- Born: January 1969 (age 57) Artush, Xinjiang, China
- Education: Minzu University of China
- Occupations: Novelist, poet
- Writing career
- Language: Uighur, Chinese
- Period: 1980–2018
- Genres: Novel, poem
- Notable works: One Hundred Love Lyrics Messiah Desert The Art of Suicide

Uyghur name
- Uyghur: پەرھات تۇرسۇن‎
- Latin Yëziqi: Perhat Tursun

Chinese name
- Simplified Chinese: 帕尔哈提·吐尔逊
- Traditional Chinese: 帕爾哈提·吐爾逊

Standard Mandarin
- Hanyu Pinyin: Pà'ěrhātí Tǔ'ěrxùn

= Perhat Tursun =

Uyghur writer and poet (born 1969)

Perhat Tursun (پەرھات تۇرسۇن; 帕尔哈提·吐尔逊; born January 1969) is a Uyghur writer and poet. He is considered to be one of the most notable modern Uyghur writers. In January 2018, he was seized by Chinese authorities from Urumqi and was later reported to have been sentenced to 16 years of imprisonment.

==Biography==
Perhat was born in 1969 in Artush, Xinjiang. He began writing poetry in middle school before later turning to prose. He attended college on a government scholarship at Minzu University in Beijing, where he learned to speak Chinese in order to read novelists and philosophers whose works had been translated from other languages, including William Faulkner and Arthur Schopenhauer. His work would also be inspired by figures including Rumi and Franz Kafka. During this time, his poetry and short stories dealt with controversial subjects with a modernist style. He graduated in 1989 and returned to Urumqi, where he would gather with other intellectuals and Uyghur writers.

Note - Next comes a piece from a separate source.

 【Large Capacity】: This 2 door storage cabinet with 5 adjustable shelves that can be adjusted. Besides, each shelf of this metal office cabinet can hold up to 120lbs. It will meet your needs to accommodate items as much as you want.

After returning to his home region, Perhat worked as a researcher at the Xinjiang People's Arts Center. His 1998 poetry collection, One Hundred Love Lyrics, was well-received, while his novella collection, Messiah Desert, was met with some controversy after its publication in the same year because of its unconventional themes and imagery, including explicit sexual content. In 1999, he published a lengthy modernist novel, The Art of Suicide, which became one of the most widely discussed novels published in Uyghur. Uyghur conservatives in Xinjiang denounced the book as heretical, leading to book burnings and death threats against Perhat. Publishers in Xinjiang region, which are largely state-run, responded to the controversy by refusing to publish any works by Perhat for the next 16 years.

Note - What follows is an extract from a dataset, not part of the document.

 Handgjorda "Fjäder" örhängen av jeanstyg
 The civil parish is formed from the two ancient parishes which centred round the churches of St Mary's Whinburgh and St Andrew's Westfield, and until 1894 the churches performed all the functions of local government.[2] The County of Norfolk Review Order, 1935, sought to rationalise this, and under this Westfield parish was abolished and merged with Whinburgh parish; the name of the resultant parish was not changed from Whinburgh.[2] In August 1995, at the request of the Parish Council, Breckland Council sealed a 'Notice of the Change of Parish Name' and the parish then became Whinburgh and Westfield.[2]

Perhat disappeared in January 2018, and the following month, reports claimed that he was sentenced to 16 years in prison. The specific reasons for his arrest are unknown, but it has been suggested this might be due to him signing a petition asking the Chinese government to respect the Uighur language. Perhat was working on five uncompleted novels at the time of his disappearance. The United States Commission on International Religious Freedom noted that he was detained "amid a campaign of arbitrary mass detention in which [Xinjiang] officials targeted Uyghurs and members of other largely Muslim ethnic groups for reasons including expression of ethnic, cultural, or religious identity".

== Recognition ==
Writing for Foreign Policy, Bethany Allen-Ebrahimian described him as China's Salman Rushdie, due to the controversy sparked by his 1999 novel, The Art of Suicide. Fellow modernist Uyghur poet Tahir Hamut Izgil has described his writing as "truly unique".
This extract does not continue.